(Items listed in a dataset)

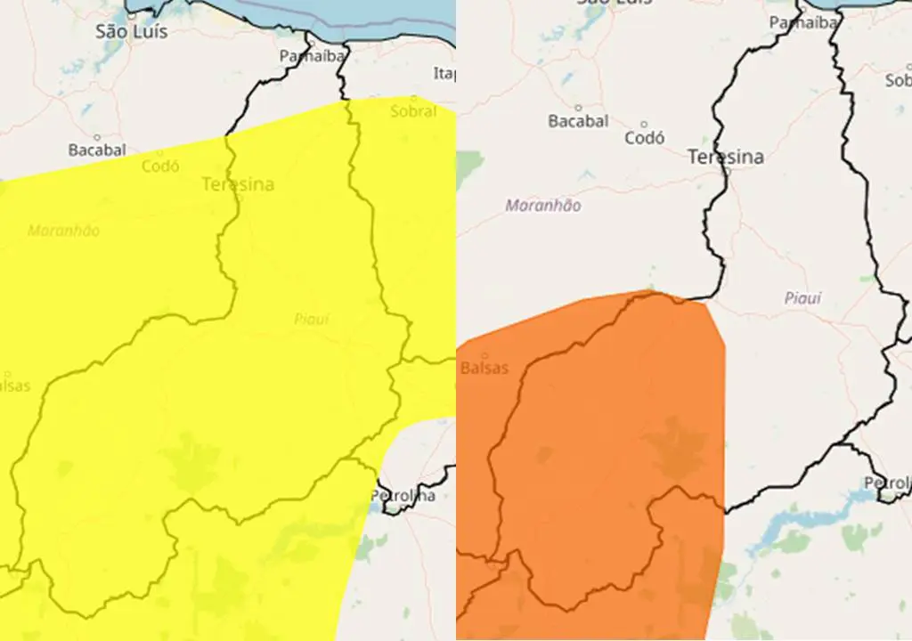 O alerta é válido até as 19 horas desta sexta. Conforme o Inmet, a umidade relativa do ar deve variar entre 30% e 20% nas regiões Centro-Norte Piauiense, Sudoeste Piauiense e Norte Piauiense. No Sudoeste, a umidade relativa do ar também está variando entre 20% e 12%.
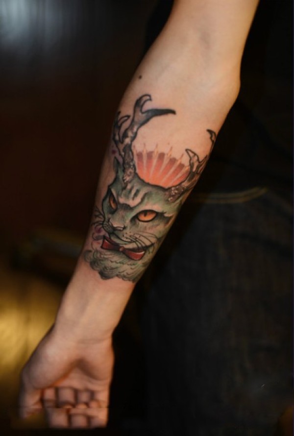 创意麋鹿角猫手臂纹身图案_臂部纹身图案大全_纹身图吧
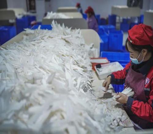 贵州省锦屏县的某羽毛球生产基地,工人在生产车间内将鹅毛挑选分类(2022年1月5日摄)。新华社记者 陶亮 摄
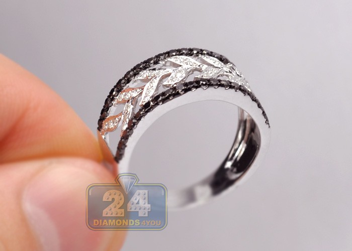 14K White Gold 0.79 ct Mixed Black Diamond Leaf Womens Ring
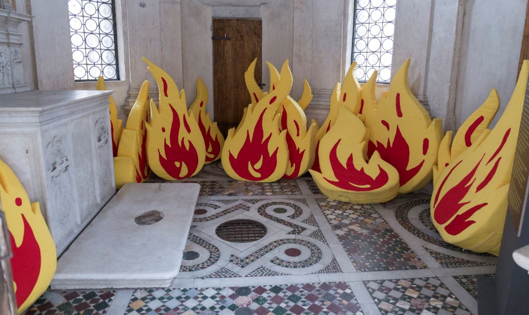 Quelle che vedete in foto sono le fiamme in gommapiuma esposte fino a qualche giorno fa a Roma, create dall’artista che voleva “creare un mondo più comodo alla portata di tutti”, iniziando dagli spazi comuni e dal nostro stesso patrimonio culturale e artistico.
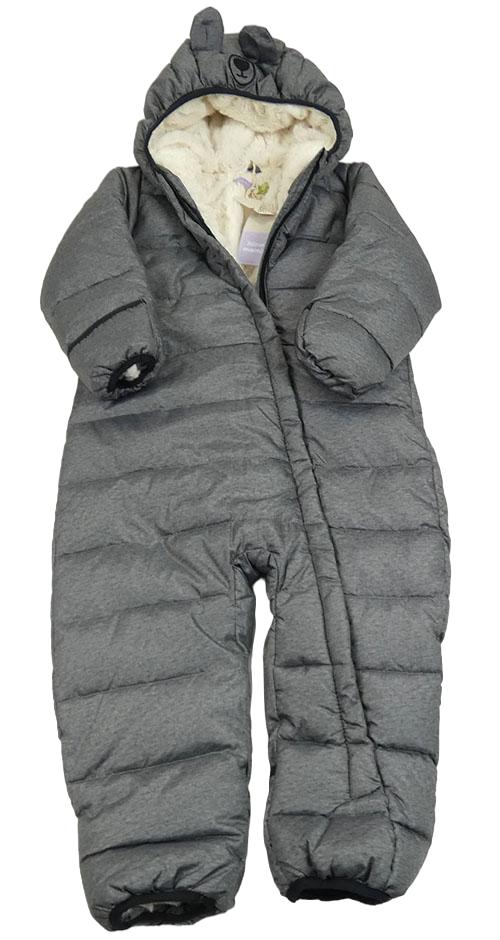 Nové - Tmavosivá melírovaná šušťáková zimná kombinéza s kapucňou s medvěďom Lily & Dan

# Exercise directions
Text only, pictures out: give every record again as written.

# The answer
 O alerta é válido até as 19 horas desta sexta. Conforme o Inmet, a umidade relativa do ar deve variar entre 30% e 20% nas regiões Centro-Norte Piauiense, Sudoeste Piauiense e Norte Piauiense. No Sudoeste, a umidade relativa do ar também está variando entre 20% e 12%.
 创意麋鹿角猫手臂纹身图案_臂部纹身图案大全_纹身图吧
 贵州省锦屏县的某羽毛球生产基地,工人在生产车间内将鹅毛挑选分类(2022年1月5日摄)。新华社记者 陶亮 摄
 14K White Gold 0.79 ct Mixed Black Diamond Leaf Womens Ring
 Quelle che vedete in foto sono le fiamme in gommapiuma esposte fino a qualche giorno fa a Roma, create dall’artista che voleva “creare un mondo più comodo alla portata di tutti”, iniziando dagli spazi comuni e dal nostro stesso patrimonio culturale e artistico.
 Nové - Tmavosivá melírovaná šušťáková zimná kombinéza s kapucňou s medvěďom Lily & Dan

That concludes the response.